GTAC 2015: Statistical Data Sampling

Celal Ziftci, Ben Greenberg Google Tech Talks

30:47

3,911 views

Published November 27, 2015

About this talk

http://g.co/gtac Slides: https://docs.google.com/presentation/d/1zAgKXFOQn02PVik9b4YkV0ZJ2wJIaGAf5oFY_dUyDD8/pub Celal Ziftci (Google) and Ben Greenberg (MIT graduate student) It is common practice to use a sample of production data in tests.

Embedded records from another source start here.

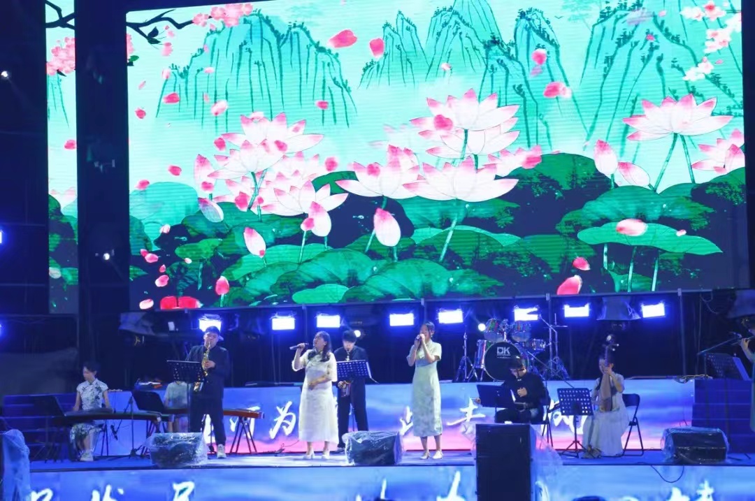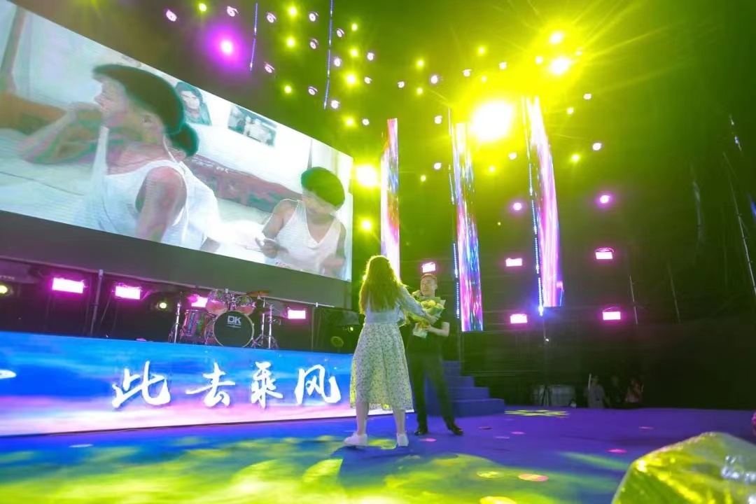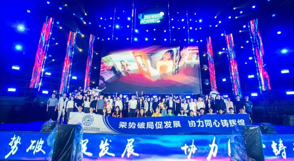 踏歌远航扬新帆。节目一上场的同学们以成长时间为顺序,依次演唱了《猪猪侠》《青春修炼手册》《听妈妈的话》《最初的梦想》《第一天》《恋爱ing》等歌曲,歌曲描摹的场景从稚嫩走向成熟,那是童年,是一路以来埋藏于心的天真与欢乐,更是现在的青春回忆,熟悉的旋律唤起了同学们的共鸣,久违的感动涌上心头,令人久久难以忘怀。随后由nu乐队带来歌曲《夜空中最亮的星》《一万次悲伤》《想去海边》,舞蹈Not Shy紧跟其后,精彩的表演将现场的气氛再次推向顶峰,有如潮水,层层跌宕。裴月莹老师与几位同学一起献上了师生朗诵《扬起风帆,梦想远航》,公司领导班子各系代表教师以及各年级同学代表一起合唱了《凤凰花开的路口》《相亲相爱》,温柔而又充满力量的商管之音唱响夜空,久久不息。
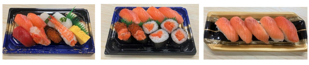 「桃太郎サーモン」を使用した販売商品の一例。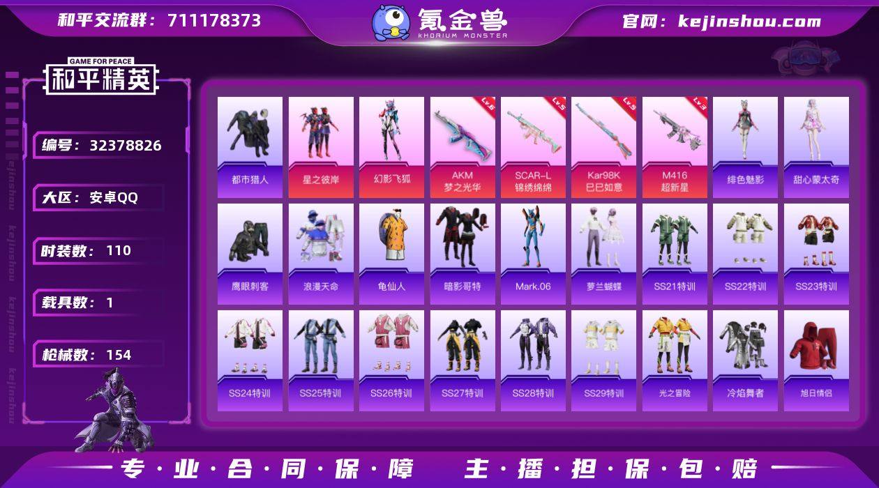 苹果 手Q-4粉装-9特效枪-1载具-3粉色飞行器-29463热力值-4王牌印记-64套装-88枪皮 【热门品类】:套装-龟仙人 【粉色套装】:角色-绝对恒星,角色-洛天依,角色-星渊 【粉色枪皮等级】:AKM-暮色玫影(三级),SCAR-L-锦绣绵绵(五级),UMP45-萌骑冒险(一级),AKS-74U-无垠阁(三级),Kar98K-巳巳如意(五级),Mk14-福马献瑞(五级),M249-绝对恒星(三级),DP-28-豹影疾电(四级),MG3-洛神天依(四级) 【粉色载具】:暮色幽蹄 【粉色枪皮】:AKM-暮色玫影,SCAR-L-锦绣绵绵,UMP45-萌骑冒险,AKS-74U-无垠阁,Kar98K-巳巳如意,Mk14-福马献瑞,M249-绝对恒星,DP-28-豹影疾电,MG3-洛神天依 【粉色飞行器】:绝对恒星飞行器,炫彩糖果飞行器,暮色之舞飞行器 【粉色降落伞】:绝对恒星降落伞,洛神天依降落伞,江南烟雨降落伞,精灵梦叶罗丽降落伞,荧海星豚降落伞,极意拳锋降落伞,炫彩糖果降落伞,暮色玫影降落伞 【稀有套装】:套装-龟仙人,角色-超感刻度,角色-甜心蒙太奇,套装-雪国风尚,套装-炫彩糖果,套装-马上来财,套装-雏菊兔兔,套装-萝兰蝴蝶,角色-蜜桃派对,套装-画境星梦,套装-琴音绮想,套装-雨过天青,套装-红釉青花,角色-霜纹水星 【稀有枪皮】:AUG-冰晶雪宝,AKM-缤纷海域,SCAR-L-炫彩节奏,M416-神秘黑猫,GROZA-暮色玫影,AUG-天降萌叽,AUG-绝对恒星,QBZ-彩虹符号,QBZ-洛神天依,M762-彩虹符号,Mk47-洛神天依,AC-VAL-天降萌叽,ACE32-画境星梦,Vector-焰鹰斗篷,汤姆逊-天降萌叽,汤姆逊-樱桃泡泡,MP5K-画境星梦,Kar98K-洛神天依,AWM-焰鹰斗篷,AWM-暮色玫影,SKS-炫彩节奏,M1加兰德-画境星梦,S1897-神秘黑猫,DBS-焰鹰斗篷,AA12-G-画境星梦,DP-28-焰鹰斗篷,MG3-幻世战舞者,突击盾牌-绝对恒星,撬棍-暮色玫影,平底锅-画境星梦 【其他套装】:套装-SS27特训,套装-SS28特训...

Examples are: * Sanity Test: Feed a sample of production data into your system to see if anything fails. * A/B Test: Take a large chunk of production data, run it through the current and new versions of your system, and diff the outputs for inspection. To get a sample of production data, teams typically use ad-hoc solutions, such as: * Manually looking at the distribution of specific fields (e.g. numeric fields), * Choosing a totally random sample However, these approaches have a serious downside: They can miss out rare events (e.g. edge cases), which increases the risk of uncaught bugs in production. To mitigate this risk, teams choose very large samples. However, with such large samples, there are even more downsides: * Rare events can still be missed, * Runtime of tests greatly increases, * Diffs are too large for a human being to comprehend, and there is a lot of repetition. In this talk, we propose a novel statistical data sampling technique to "smartly" choose a "good" sample from production data that: * Guarantees rare events will not be missed, * Minimizes the size of the chosen sample by eliminating duplicates. Our technique catches rare/boundary cases, keeps the sample size to a minimum, and implicitly decreases the manual burden of looking at test outputs/diffs on the developers. It also supports parallel execution (e.g. MapReduce) so that vast amounts of data can be processed in a short time-frame to choose the sample.